I am trying to add an option to a python program I have to allow the user to search and download the Genbank file for the genome of an organism, such as Saccharomyces cerevisiae S288C. I have the following code:
handle = Entrez.esearch(db="assembly", term = "Saccharomyces cerevisiae S288C", retmax = "100000")
record = Entrez.read(handle)
ids = record['IdList']
print(f'found {len(ids)} ids')
found 2 ids
print(ids)
['285498', '245838']
for each in ids:
esummary_handle = Entrez.esummary(db="assembly", id=each, report = "full")

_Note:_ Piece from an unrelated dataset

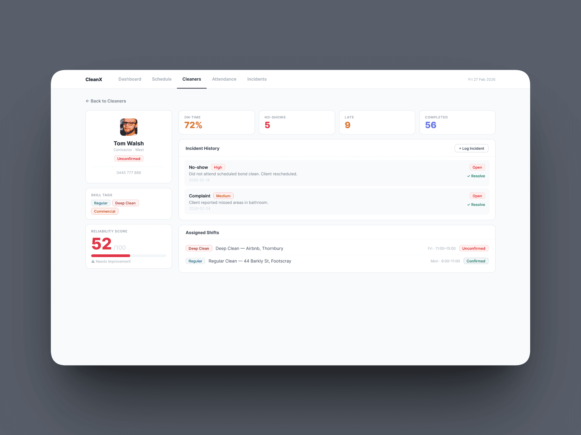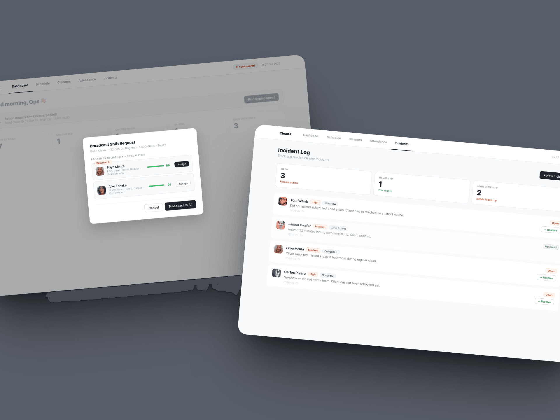 No-shows, complaints, and late arrivals are logged, severity-flagged, and linked to cleaner profiles. When a shift goes uncovered, the platform ranks available replacements by skill match and reliability score — managers resolve and reassign in one click, keeping the day on track.
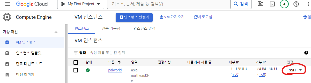 이번엔 구글 클라우드의 SSH로 접속해준다.

esummary_record = Entrez.read(esummary_handle)
summary = esummary_record
url = summary['DocumentSummarySet']['DocumentSummary'][0]['FtpPath_GenBank']
print(url)
label = os.path.basename(url)
link = os.path.join(url, label+'_genomic.gbff.gz')
urllib.request.urlretrieve(link, f'{label}.gbff.gz')
For Saccharomyces cerevisiae S288C there are two IDs found. For the first one (285498) there is a FtpPath_GenBank and it downloads just fine, but for the other (245838) which is the general and common genome to use, there is not FtpPath_GenBank in the summary result, so the code fails. Manually searching NCBI shows me the FTP site for this genome, complete with address and the file I want: https://ftp.ncbi.nlm.nih.gov/genomes/all/GCA/000/146/045/GCA_000146045.2_R64/
I'm really confused as to why the summary record doesn't show the FtpPath_GenBank, even though it is in NCBI. Is there an easier way to go about this? Basically I'd like the user to be able to search for an organism and be able to download the Genbank file to use later in my program. I am super new to the Entrez suite and find it a little confusing, so any help would be greatly appreciated.
There are top level assembly report files that exist for all genomes in NCBI. Here is an example for GenBank genomes. There is one for RefSeq genomes. You can parse out FTP paths from this file directly.
If you are open to using already existing tools that do this then
ncbi-genome-downloader
is an option. You can find the tool here.Thank you! That file helps a ton! I really appreciate it.